На карнавале истории - Леонид Иванович Плющ
Шрифт:
Интервал:
В самиздате появилось анонимное письмо «профессора из Уфы к другу Василию», какому-то партийному чиновнику. Оно стало распространяться под названием «Письмо великодержавного шовиниста».
Профессор рассказывает о многих фактах своих столкновений с национализмом в Башкирии, Грузии, Прибалтике, Молдавии, на Украине, в Средней Азии. И, видимо^в целом не лжет в фактах…
Кончает он словами о «стоголовой гидре» национализма, которая может уничтожить все достижения Октябрьской революции.
Если бы в письме были все факты роста национализма, то я был бы на стороне автора (если не считать слов об Октябрьской революции: великорусский шовинизм проявил себя уже при Ленине, а потом расцвел махровым цветом). Но в самиздате как раз появилось выступление писателя Г. Свирского.
По фактам это было почти то же. Чуть-чуть только (на первый взгляд) иное видение их и еще один факт, переворачивающий проблему с головы на ноги.
У профессора нет фактов великорусского национализма, т. е. русского антисемитизма, антиукраинства, антитатарства и т. д. В этом «белом пятне» видения «интернационалиста» и лежит корень проблемы. Я написал ответ под названием «Россинанту» (образ из песни Галича, где россинантами он называет евреев, выслуживающихся перед правительством, которое игнорирует их усердие).
Я столкнул в статье рассказ Свирского и профессора из Уфы и, опираясь на мысль Ленина, что национализм угнетенной нации порождается великорусским национализмом, показал, что основным источником всех видов шовинизма является великорусский, представителем которого и является уфимский профессор.
Как бы заранее отвечая на это, профессор в своем письме писал: «Но обвинить меня в великорусском национализме нельзя: я украинец, сам нацменьшинство, да и жена у меня — татарка из Башкирии». Я напомнил «украинцу» слова Ленина о том, что по части великорусского шовинизма особенно пересаливают именно нацмены (у Ленина — Орджоникидзе, Сталин, Дзержинский).

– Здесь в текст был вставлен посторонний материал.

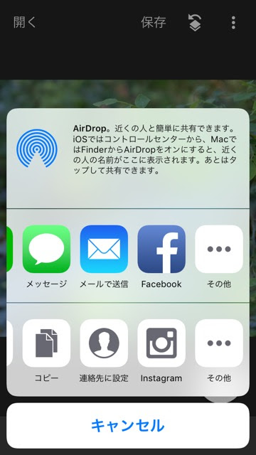 画像の加工が終わったら、画像を保存 または SNSにアップします。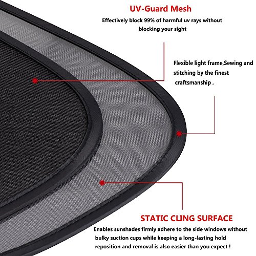 Visiere finestra sole laterali con 44 x 35 cm è adatto in quasi tutte le automobili per il finestrino laterale. Le parasole auto universale offrono un'ampia copertura per i finestrini laterali auto.
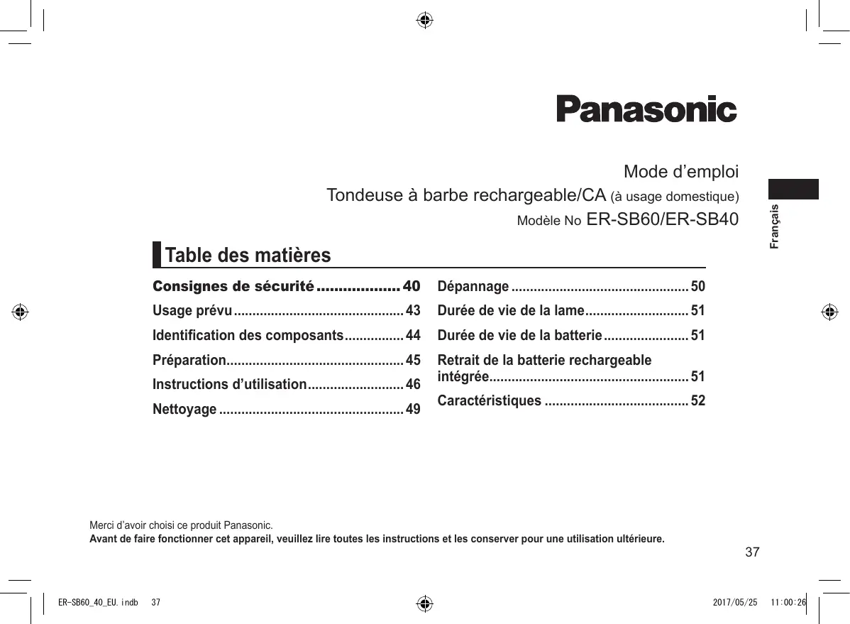 Retrouvez gratuitement la notice de l'appareil ERSB60 PANASONIC au format PDF.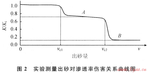 淺層氣藏地層容易出砂,在近井地層形成堆積并堵塞孔喉,造成近井地帶滲透率降低。圖2為實(shí)驗(yàn)室?guī)r心實(shí)驗(yàn)測(cè)量的出砂對(duì)滲透率傷害關(guān)系曲線。在巖石發(fā)生坍塌破壞之前,地層中游離砂產(chǎn)生的微粒運(yùn)移傷害,造成儲(chǔ)層的相對(duì)滲透率降低了25%左右(圖2中A點(diǎn))。隨著氣體流速的增加,受剪切應(yīng)力的作用儲(chǔ)層骨架遭到破壞,近井地帶大量出砂。在游離砂和骨架砂的復(fù)合作用下,儲(chǔ)層的相對(duì)滲透率降低至儲(chǔ)層原始滲透率的20%左右(圖2中B點(diǎn))[3~4]。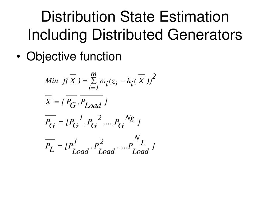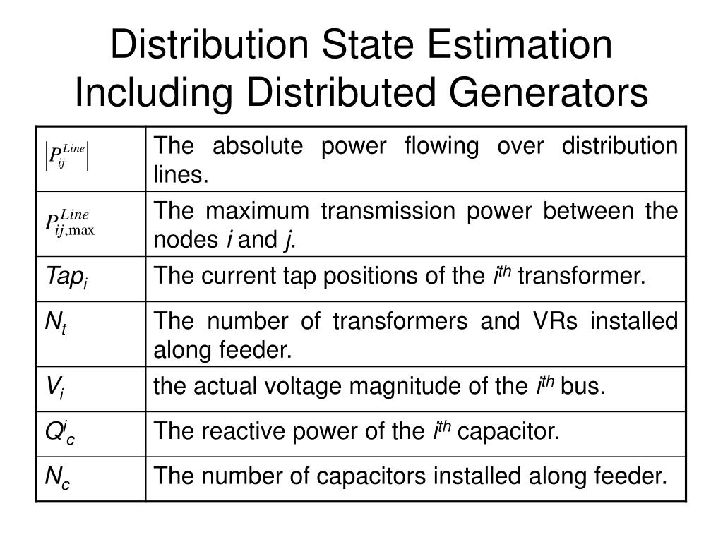 Distribution State Estimation Including Distributed Generators • In order to have a unique solution, these assumptions should be made: • Status of distribution lines and switches is known. • A contracted load and distributed generation values are known at each node. • Voltage and current at the substation bus (main bus) are known. • If outputs of DGs and loads are fixed, the outputs and power factors will be available. • If outputs of DGs and loads are variable, the average outputs, the standard deviations and the power factors can be obtained. • Set points of VRs and local capacitors are known.

Интересно, что в своем письме он дважды называет себя русским. А когда понадобилось алиби, вспомнил о своем украинском происхождении. (Недавно этот же финт повторил в «Континенте» Сергей Рафальский. Старая российская традиция.)
Интересна также терминология «интернационалиста». Слово «украинцы» он поставил один раз в кавычки. Он описывает такой случай. В парткоме секретарь разговаривает при нем по-татарски.
«Может, мне следует выйти», — спрашиваю. «Нет, нет, изучайте наш язык»… Если это не национализм, то хамство», — заключает автор.
Профессор настолько ясно показывает, что разговоры о республиках, союзе или федерации — фикция, что мне осталось лишь процитировать эти его слова. Хамство говорить по-татарски при русском!..
Господина «интернационалиста» возмущает, что есть принцип в Башкирии «принимать в вузы больше татар и башкир, а не русских». Странно… Если, по словам профессора, в Башкирии русских 50°/о, то как республике обороняться от русификации, если не давать льгот туземцам? Да и по Ленину так делать следует, чтобы компенсировать практическое неравенство в пользу русских: у них более развитая культура, тысячи своих вузов, издательств и т. д. А если послушать профессора, то из такта, из-за хорошего воспитания нужно в присутствии русских говорить по-русски. А т. к. русские везде, то все должны говорить на работе, на заседаниях, совещаниях по-русски.
И как-то очень ярко в контексте письма уфимского товарища воспринимаются слова русских обывателей: «Я понимаю только по-человечески!» В них — корень советского «интернационализма».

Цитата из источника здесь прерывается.